■ **TASK STATEMENT**:
Exclude all pictures, then restate the entries below word for word.

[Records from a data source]
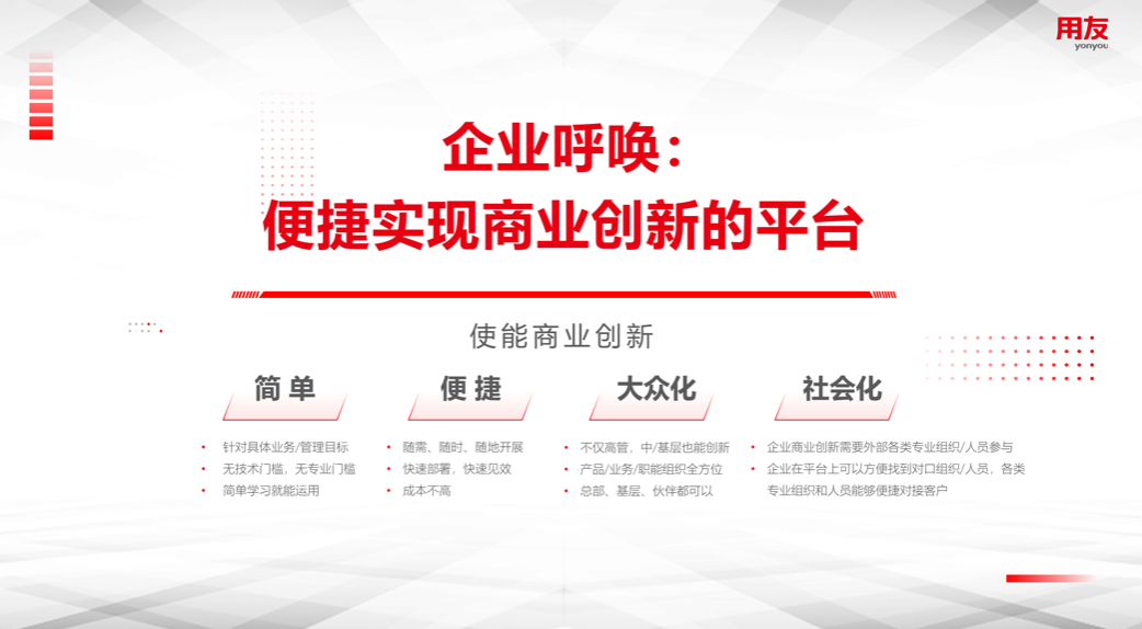 企业呼唤便捷实现商业创新的平台,让商业创新简单、便捷。企业通过商业创新平台能够更加聚焦自身的业务和管理目标,没有太高的技术与专业门槛,通过简单的学习就能够轻松运用技术、随需随时随地快速开展业务、迅速部署,以更低成本实现更高业务目标。
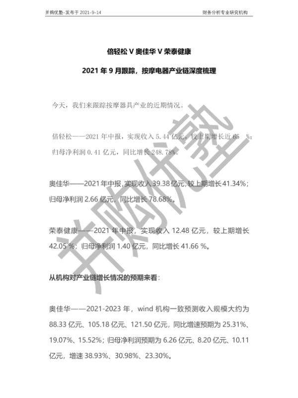 【并购优塾】【20210914】2021年9月跟踪,按摩电器产业链深度梳理-23页 行业研究
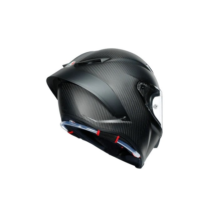 PISTA GP RRはフルカーボンファイバー製の軽量かつ強固なシェル構造はそのままに、レースシーンで開発された最新のエアロダイナミクスに基づいた新形状のリアスポイラー。より多くのエアーを効率的に取り込む新形状のエアベンチレーションシステム。強固なシステムを採用したシールドは新開発のMax Pinlock 120を採用しあらゆるシチュエーションで快適な視界を提供します。また、MotoGP譲りのハイドレーションシステムを搭載。ECE2206認証、SG認証取得、FIM公認取得、MFJ公認取得、アジアンフィット。
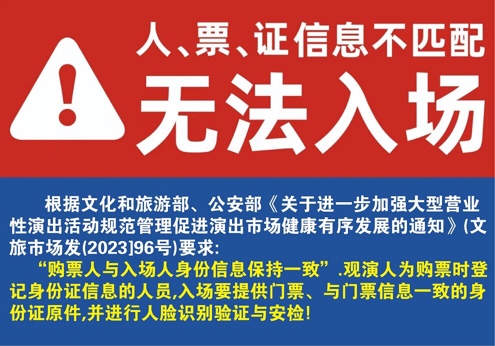 1.演出票品为特殊商品,除不可抗力因素导致演出取消外,订单不支持退换,可在平台转售; 2.演出详情仅供参考,具体以主办方公布信息及现场为准,请准时到场以免错过演出; 3.有票官方确保售出票品真实有效,请放心购买; 4.根据演出火爆情况,有票平台可能会将您所选的快递送票、上门自取等取票方式调整为现场取票,敬请谅解; 5.平台会尽力促使卖家履行交易协议,如果卖家付票过程中发生问题,本平台可协调相同或更高票挡的票品代替,否则平台将全额退款并按订单上约定的赔付方式与金额向用户进行赔付; 6.为了安全起见需要本人签收,演出快递票均为快递费到付(不包邮),请知晓!
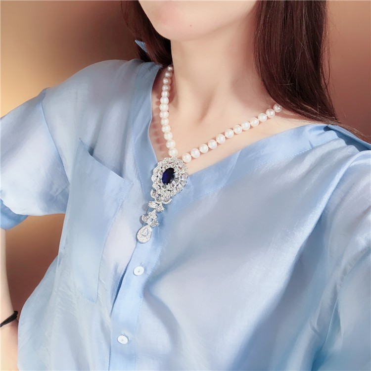 Design Aesthetic :Featuring a round, natural Freshwater Pearl and blue Zircon, this necklace exudes a boutique temperament.
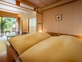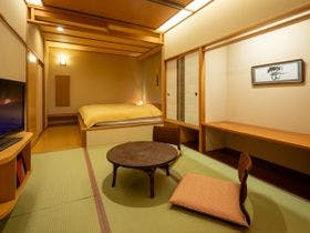 gotoキャンペーンを利用して3階の部屋に宿泊しました。部屋は6畳の和室とベッドが2台ある部屋で少し狭さを感じました。でもふたりなら落ち着く空間かなと思います。部屋の露天風呂はかけ流しで湯温も熱く外の寒さが気持ちよいくらいでした。隣にシャワールームもあります。部屋のアメニティはオムニサンスでした。部屋の冷蔵庫の飲み物は無料でした。缶ビールと缶酎ハイ、500のペットボトルのお茶、ミネラルウォーターが...
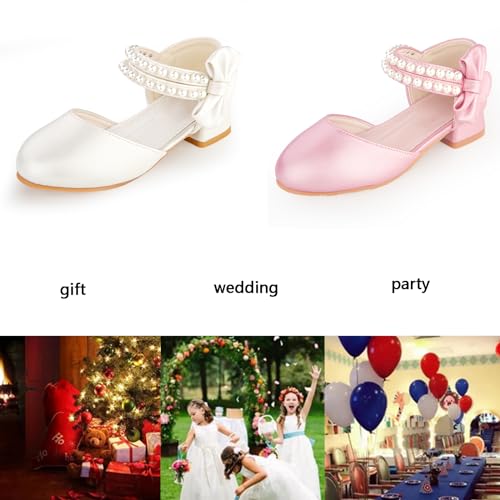 • Easy to wear girls shoes:The High heels with velcro so easy wear, bow and pearl strap design.
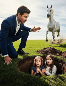 Luna reached up, grasping the stallion’s mane. Estela followed, clinging to his side. The horse lowered his head gently, nudging them out of the shallow pit Eduardo had dug.
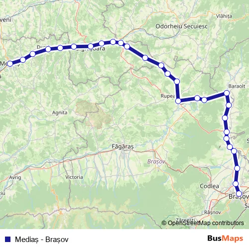 The first stop of the Mediaş - Braşov rail route is Mediaş and the last stop is Braşov. Mediaş - Braşov (Mediaş - Braşov) is operational during everyday.
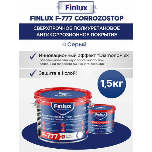 Двухкомпонентная полуглянцевая грунт-эмаль Finlux F-777 состоит из полиуретанового связующего и армирующих волокон, которые формируют сверхпрочное защитное покрытие с высокой механической, абразивной и химической стойкостью, обеспечивая антикоррозионную защиту металлов от агрессивных жидких сред и температурных перепадов. Выпускается в 5-ти базовых цветах с термостойкостью до +120°С. Предназначена для окрашивания и долговременной коррозионной и абразивной защиты металлов, работающих при температурах от -60°С до +120°С и эксплуатируемых в условиях всех климатических зон, включая в условиях агрессивной промышленной атмосферы. Применяется как надёжное покрытие от: ударов, абразивных и механических повреждений, различных реагентов, масел и бензина, в том числе разбавленных растворов кислот и щелочей, активных и пассивных коррозионных процессов (почвенная коррозия). Используется в качестве самостоятельного покрытия или в комплексе с грунтовкой Finlux F-296, что обеспечивает возможность увеличения долговечности комплексного покрытия (не менее 30-ти лет). Перед окраской металл необходимо очистить от остатков старого лакокрасочного покрытия, жира, масел, коррозии и грязи, замасленные поверхности следует обезжирить. Перед нанесением компонент А перемешать низкооборотной дрелью с лопастной мешалкой в течение 2 ÷ 3 минут до образования однородной консистенции. Затем в ведро с компонентом А добавить полностью компонент Б и получаемую смесь повторно перемешать в течение 3 ÷ 5 минут, избегая непромесов возле дна и стенок. Приготовленную смесь нанести в 1 ÷ 2 слоя с помощью мини валика или плоской кисти при температуре воздуха от +10°С до +25°С с влажностью до 80%. Для исключения конденсации влаги, температура окрашиваемой поверхности должна быть на 3°С выше точки росы. Все операции по смешиванию и нанесению смеси необходимо выполнить за 90-110 минут (время выработки готовой смеси)! Для получения наилучших результатов рекомендуется 2-х слойное нанесение с интервалом межслойной сушки 2 часа при температуре (20±2)°С. В этом случае необходимо приобретение 2-го комплекта для соблюдения временных параметров нанесения и сушки покрытия. На объектах со сложной геометрией рекомендуем заранее продумать план окрасочных работ. Время сушки «до отлипа» финишного слоя при Т= +20°С - 4 часа, полный набор прочности в течение 7 суток. Труднодоступные места примыканий удобнее оформить кистью. Для равномерного распределения смеси рекомендуется условно разделить окрашиваемую площадь на участки.Теоретический расход: 400 г/м² для слоя 50-60 мкм сухого покрытия.
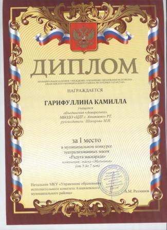 1 место в муниципальном конкурсе театральных масок «Радуга маскарада» (Гарфуллина К., Шакирова М.И.)
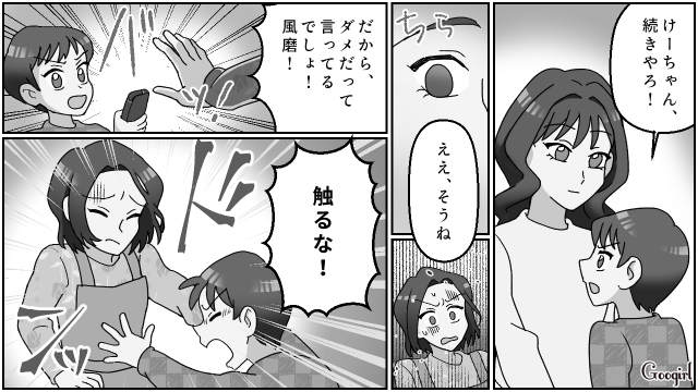 ▽ 家族の輪の中に居場所を失くすだけでなく、風磨から「消えちゃえ」という呪いの言葉を吐かれてしまう浩美。ショックで身動きひとつ取れません。
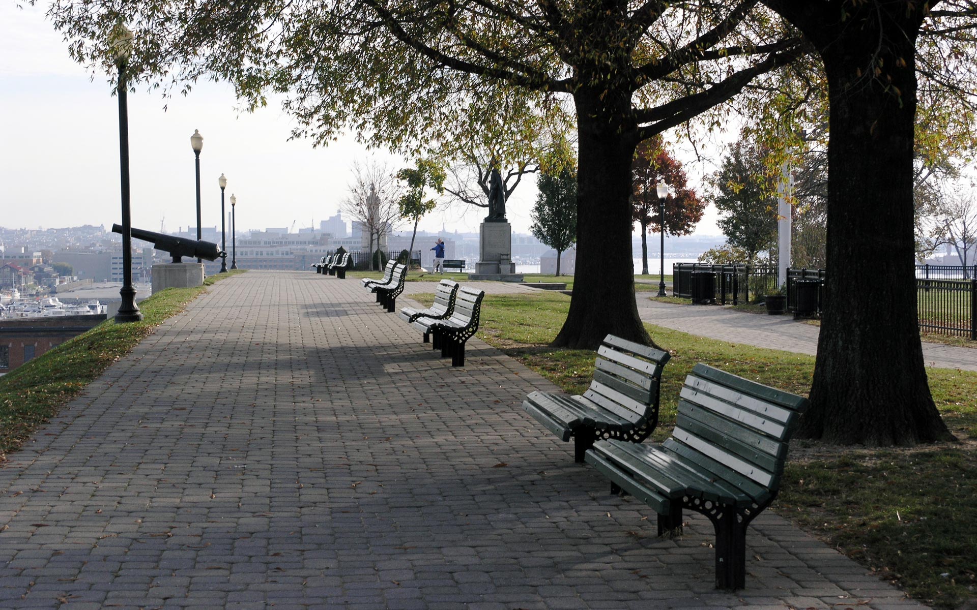 Description: A row of benches sitting next to a tree filled park next to a river and a city skyline in the background.

■ **ANSWER SPACE**:
 企业呼唤便捷实现商业创新的平台,让商业创新简单、便捷。企业通过商业创新平台能够更加聚焦自身的业务和管理目标,没有太高的技术与专业门槛,通过简单的学习就能够轻松运用技术、随需随时随地快速开展业务、迅速部署,以更低成本实现更高业务目标。
 【并购优塾】【20210914】2021年9月跟踪,按摩电器产业链深度梳理-23页 行业研究
 PISTA GP RRはフルカーボンファイバー製の軽量かつ強固なシェル構造はそのままに、レースシーンで開発された最新のエアロダイナミクスに基づいた新形状のリアスポイラー。より多くのエアーを効率的に取り込む新形状のエアベンチレーションシステム。強固なシステムを採用したシールドは新開発のMax Pinlock 120を採用しあらゆるシチュエーションで快適な視界を提供します。また、MotoGP譲りのハイドレーションシステムを搭載。ECE2206認証、SG認証取得、FIM公認取得、MFJ公認取得、アジアンフィット。
 1.演出票品为特殊商品,除不可抗力因素导致演出取消外,订单不支持退换,可在平台转售; 2.演出详情仅供参考,具体以主办方公布信息及现场为准,请准时到场以免错过演出; 3.有票官方确保售出票品真实有效,请放心购买; 4.根据演出火爆情况,有票平台可能会将您所选的快递送票、上门自取等取票方式调整为现场取票,敬请谅解; 5.平台会尽力促使卖家履行交易协议,如果卖家付票过程中发生问题,本平台可协调相同或更高票挡的票品代替,否则平台将全额退款并按订单上约定的赔付方式与金额向用户进行赔付; 6.为了安全起见需要本人签收,演出快递票均为快递费到付(不包邮),请知晓!
 Design Aesthetic :Featuring a round, natural Freshwater Pearl and blue Zircon, this necklace exudes a boutique temperament.
 gotoキャンペーンを利用して3階の部屋に宿泊しました。部屋は6畳の和室とベッドが2台ある部屋で少し狭さを感じました。でもふたりなら落ち着く空間かなと思います。部屋の露天風呂はかけ流しで湯温も熱く外の寒さが気持ちよいくらいでした。隣にシャワールームもあります。部屋のアメニティはオムニサンスでした。部屋の冷蔵庫の飲み物は無料でした。缶ビールと缶酎ハイ、500のペットボトルのお茶、ミネラルウォーターが...
 • Easy to wear girls shoes:The High heels with velcro so easy wear, bow and pearl strap design.
 Luna reached up, grasping the stallion’s mane. Estela followed, clinging to his side. The horse lowered his head gently, nudging them out of the shallow pit Eduardo had dug.
 The first stop of the Mediaş - Braşov rail route is Mediaş and the last stop is Braşov. Mediaş - Braşov (Mediaş - Braşov) is operational during everyday.
 Двухкомпонентная полуглянцевая грунт-эмаль Finlux F-777 состоит из полиуретанового связующего и армирующих волокон, которые формируют сверхпрочное защитное покрытие с высокой механической, абразивной и химической стойкостью, обеспечивая антикоррозионную защиту металлов от агрессивных жидких сред и температурных перепадов. Выпускается в 5-ти базовых цветах с термостойкостью до +120°С. Предназначена для окрашивания и долговременной коррозионной и абразивной защиты металлов, работающих при температурах от -60°С до +120°С и эксплуатируемых в условиях всех климатических зон, включая в условиях агрессивной промышленной атмосферы. Применяется как надёжное покрытие от: ударов, абразивных и механических повреждений, различных реагентов, масел и бензина, в том числе разбавленных растворов кислот и щелочей, активных и пассивных коррозионных процессов (почвенная коррозия). Используется в качестве самостоятельного покрытия или в комплексе с грунтовкой Finlux F-296, что обеспечивает возможность увеличения долговечности комплексного покрытия (не менее 30-ти лет). Перед окраской металл необходимо очистить от остатков старого лакокрасочного покрытия, жира, масел, коррозии и грязи, замасленные поверхности следует обезжирить. Перед нанесением компонент А перемешать низкооборотной дрелью с лопастной мешалкой в течение 2 ÷ 3 минут до образования однородной консистенции. Затем в ведро с компонентом А добавить полностью компонент Б и получаемую смесь повторно перемешать в течение 3 ÷ 5 минут, избегая непромесов возле дна и стенок. Приготовленную смесь нанести в 1 ÷ 2 слоя с помощью мини валика или плоской кисти при температуре воздуха от +10°С до +25°С с влажностью до 80%. Для исключения конденсации влаги, температура окрашиваемой поверхности должна быть на 3°С выше точки росы. Все операции по смешиванию и нанесению смеси необходимо выполнить за 90-110 минут (время выработки готовой смеси)! Для получения наилучших результатов рекомендуется 2-х слойное нанесение с интервалом межслойной сушки 2 часа при температуре (20±2)°С. В этом случае необходимо приобретение 2-го комплекта для соблюдения временных параметров нанесения и сушки покрытия. На объектах со сложной геометрией рекомендуем заранее продумать план окрасочных работ. Время сушки «до отлипа» финишного слоя при Т= +20°С - 4 часа, полный набор прочности в течение 7 суток. Труднодоступные места примыканий удобнее оформить кистью. Для равномерного распределения смеси рекомендуется условно разделить окрашиваемую площадь на участки.Теоретический расход: 400 г/м² для слоя 50-60 мкм сухого покрытия.
 1 место в муниципальном конкурсе театральных масок «Радуга маскарада» (Гарфуллина К., Шакирова М.И.)
 ▽ 家族の輪の中に居場所を失くすだけでなく、風磨から「消えちゃえ」という呪いの言葉を吐かれてしまう浩美。ショックで身動きひとつ取れません。
 Description: A row of benches sitting next to a tree filled park next to a river and a city skyline in the background.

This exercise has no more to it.